1. A polynucleotide comprising the base sequence:

(b) A nucleotide sequence encoding a guide RNA targeting a contiguous region shown as SEQ ID No. 2, 3, 4, 20, 51, 68, 144, 148, 152, 162, 164 or 167 in the expression regulatory region of the human DUX4 gene.

2. The polynucleotide according to claim 1, wherein the base sequence encoding the guide RNA comprises the base sequence shown in SEQ ID NO. 2, 3, 4, 20, 51, 68, 144, 148, 152, 162, 164 or 167 or wherein the base sequence shown in SEQ ID NO. 2, 3, 4, 20, 51, 68, 144, 148, 152, 162, 164 or 167 is deleted, substituted, inserted and/or added with 1 to 3 bases.

3. The polynucleotide of claim 1 or 2, comprising at least two different base sequences encoding the guide RNA.

4. A polynucleotide according to any one of claims 1 to 3, wherein the transcriptional repressor is selected from KRAB, meCP2, SIN3A, HDT1, MBD2B, NIPP1 and HP1A.

5. The polynucleotide of claim 4, wherein the transcriptional repressor is KRAB.

6. The polynucleotide of any one of claims 1 to 5, wherein the nuclease-deficient CRISPR effector protein is dCas9.

7. The polynucleotide of claim 6, wherein the dCas9 is derived from staphylococcus aureus (Staphylococcus aureus).

8. The polynucleotide according to any one of claims 1 to 7, further comprising a promoter sequence of the base sequence encoding a guide RNA and/or a promoter sequence of the base sequence encoding a fusion protein of a nuclease-deficient CRISPR effect protein and a transcription repressor.

9. The polynucleotide of claim 8, wherein the promoter sequence encoding the base sequence of the guide RNA is selected from the group consisting of a U6 promoter, a SNR52 promoter, an SCR1 promoter, an RPR1 promoter, a U3 promoter, and an H1 promoter.

10. The polynucleotide of claim 9, wherein the promoter sequence encoding the base sequence of the guide RNA is a U6 promoter.

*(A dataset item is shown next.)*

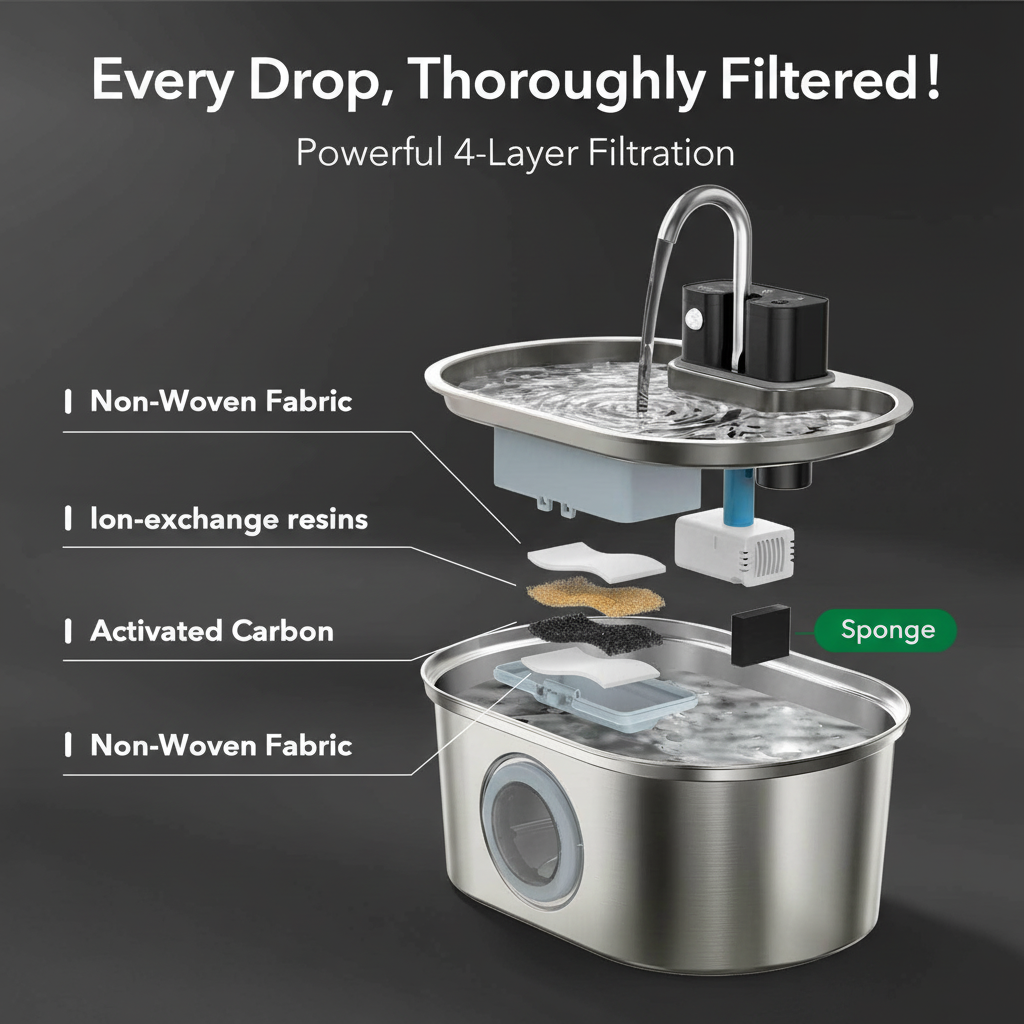 The MEOWDERN™ features a 4-stage vertical filtration system that removes impurities, softens water, and enriches it with oxygen—keeping it fresh, in motion, and irresistible to your cat.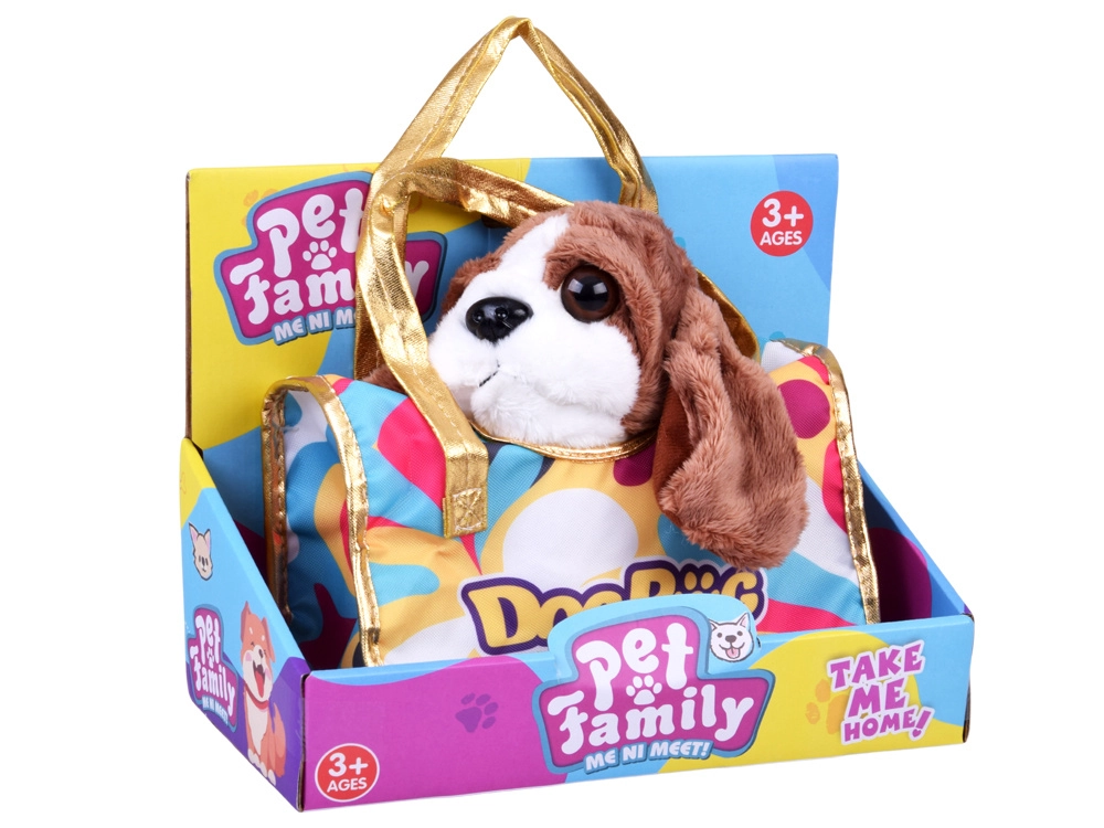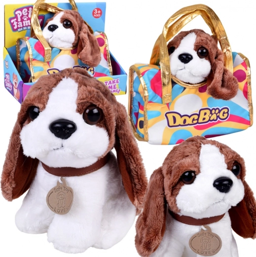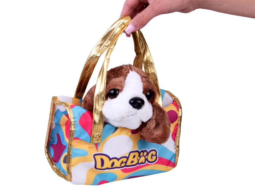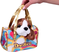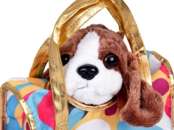 Ce chien en peluche tout mignon deviendra vite un fidèle compagnon au coucher, pendant le jeu et lors des sorties. Des détails réalistes, comme les oreilles souples, les yeux brillants et la petite truffe adorable, encouragent l’imagination des enfants et le développement de l’empathie envers les animaux. Il est accompagné d’un sac de transport stylé au motif multicolore avec poignées dorées, rendant les jeux de « promenade » et de soins encore plus amusants.

11. The polynucleotide according to any one of claims 8 to 10 wherein the promoter sequence encoding the base sequence of the fusion protein of nuclease-deficient CRISPR effector protein and transcription repressor is a broad-spectrum promoter or a neuronal specific promoter.

12. The polynucleotide of claim 11, wherein the broad promoter is selected from the group consisting of EFS promoter, CMV promoter, and CAG promoter.

13. A vector comprising the polynucleotide of any one of claims 1 to 12.

14. The vector of claim 13, wherein the vector is a plasmid vector or a viral vector.

15. The vector of claim 14, wherein the viral vector is selected from the group consisting of an adeno-associated virus (AAV) vector, an adenovirus vector, and a lentiviral vector.

16. The vector of claim 15, wherein the AAV vector is selected from AAV1, AAV2, AAV6, AAV7, AAV8, AAV9, anc80, AAV ₅₈₇ MTP、AAV ₅₈₈ MTP, AAV-B1, AAVM41, and AAVrh74.

17. The vector of claim 16, wherein the AAV vector is AAV9.

18. A pharmaceutical composition comprising a polynucleotide according to any one of claims 1 to 12 or a vector according to any one of claims 13 to 17.

19. The pharmaceutical composition according to claim 18 for use in the treatment or prevention of FSHD.

20. A method of treating or preventing FSHD comprising administering to a subject in need thereof the polynucleotide of any one of claims 1 to 12 or the vector of any one of claims 13 to 17.